Get clear before you reach out to mentors
Most weak mentor outreach comes from weak founder thinking. “Can I pick your brain?” tells me the person has not defined the problem still. Busy founders do not know what to do with a vague ask.
Before you message anyone, get specific. What are you building? Who is it for? What proof do you have that the problem is real? What have you already tried? What exact decision is blocking you right now?
Go by what’s already happening under the hood. Look at your customer calls, your DMs, your comments, and the moments where interest falls apart. Your best questions are usually sitting there already.
And know what questions not to ask. Do not ask someone to map your whole company for you. Ask about the next move. That is how a mentor can save a year or two of failure.
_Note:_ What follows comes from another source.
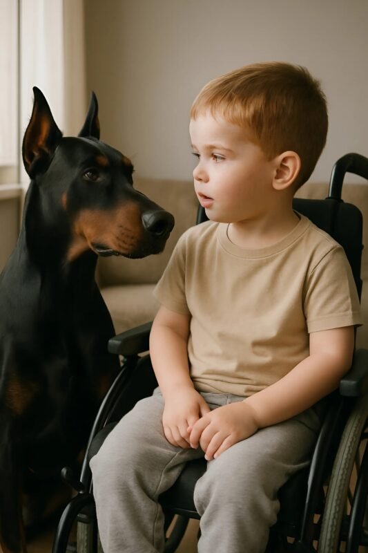 My husband and I were caught up with chores when we left our four-year-old, paralyzed son in the yard with our Doberman, Tara 😲. We never imagined what would happen just half an hour later…

Where to find mentors when you know nobody

If you are new to the startup world and don’t have a solid network yet, here is how you can get started.
Follow founders who teach in public
I would start where founders are already sharing useful ideas in public. LinkedIn is one place. Substack is another. Podcasts, founder panels, niche webinars, and comment sections matter too. The right people are usually leaving clues long before you ever message them.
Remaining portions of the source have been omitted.